▸ **WHAT THE EXERCISE ASKS**: Return exactly, with nothing added, the lines from the one that contains "The Buck Fiden" through the end of the listing below, pictures excluded.

▸ **RECORDED DATA**:
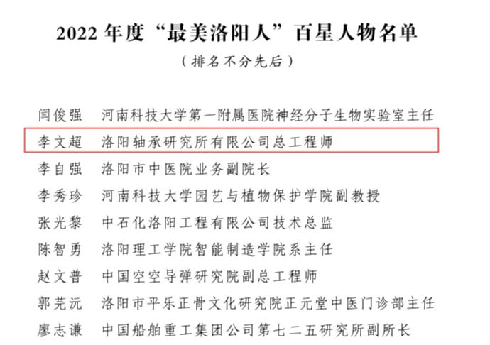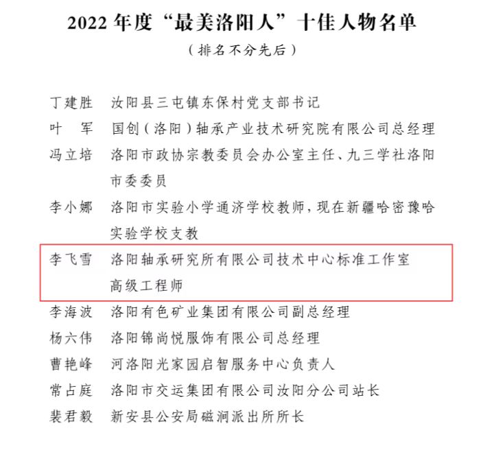 近日,洛陽市委宣傳部發(fā)布《關(guān)于表揚(yáng)2022年度“最美洛陽人”十佳百星人物的決定》,公司技術(shù)中心標(biāo)準(zhǔn)工作室李飛雪當(dāng)選“最美洛陽人”十佳人物,公司副總經(jīng)理、總工程師李文超當(dāng)選“最美洛陽人”百星人物。
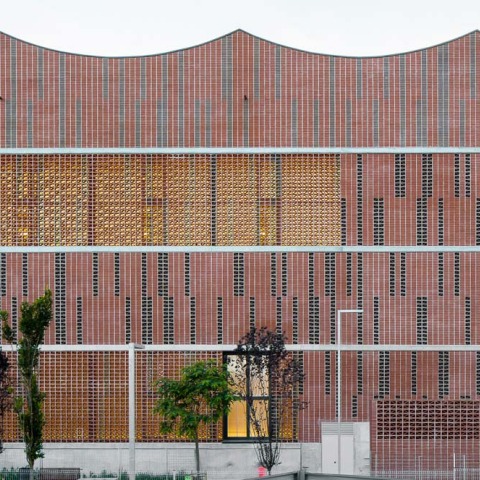 The construction system is based largely on brick, deliberately revisiting the old factories, warehouses and workshops that are so numerous in the area. The construction and materiality of the building constitute its formal expression, its finish, with no added elements. The brick thereby has a high profile. The low maintenance bare brick façades alternate empty and full, opaque, translucent and transparent parts, and masonry units of different formats and colours with the aim of lightening the whole, giving the built volume a texture, a grain, a vibrant pixelation, while also adapting to the different orientations. We see brick lattice walls on exposed façades protect the courts from direct sunlight and possible glare, and, conversely, large glazed expanses in the lower part of the north-facing façade, opening up to the entrance concourse. The above ground volume of the building is finished off by a roof of gently curving, inverted vaults that is integrated into the context, somehow suggesting the order and presence of the roofs of neighbouring warehouses. This curved-line finish helps to lighten the volume of the complex and constitutes part of its formal expression.
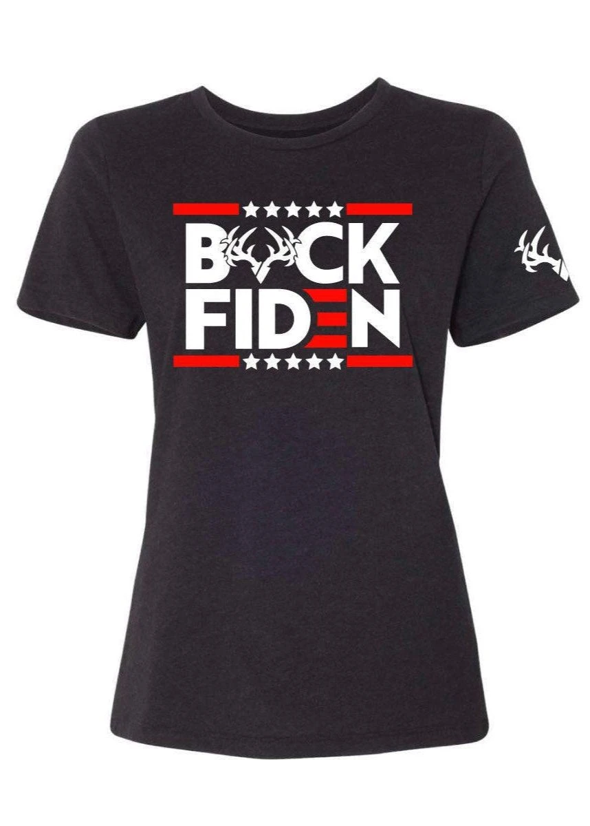The Buck Fiden Womens Tank is a must wear post election! No matter the outcome this will bring Yuge smiles to 73,000,000 Patriotic Americans. Printed on a black blend tee. It is form fitting and ultra comfortable. It is made out of combed ringspun cotton/polyester.
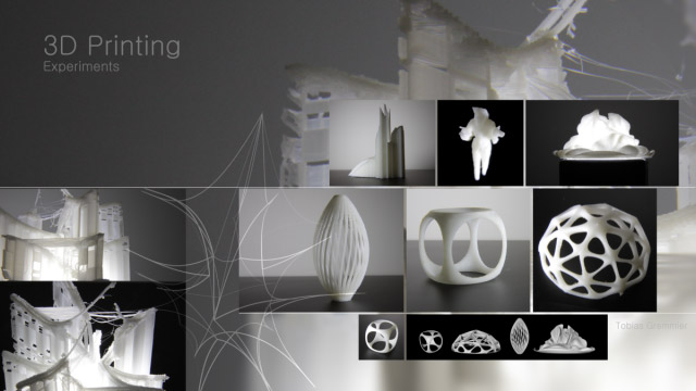 Some experiments with the low-budget 3D printer I bought. I created some 3D objects using generative functions and tested this different shapes/sizes.

▸ **RESPONSE**:
The Buck Fiden Womens Tank is a must wear post election! No matter the outcome this will bring Yuge smiles to 73,000,000 Patriotic Americans. Printed on a black blend tee. It is form fitting and ultra comfortable. It is made out of combed ringspun cotton/polyester.
 Some experiments with the low-budget 3D printer I bought. I created some 3D objects using generative functions and tested this different shapes/sizes.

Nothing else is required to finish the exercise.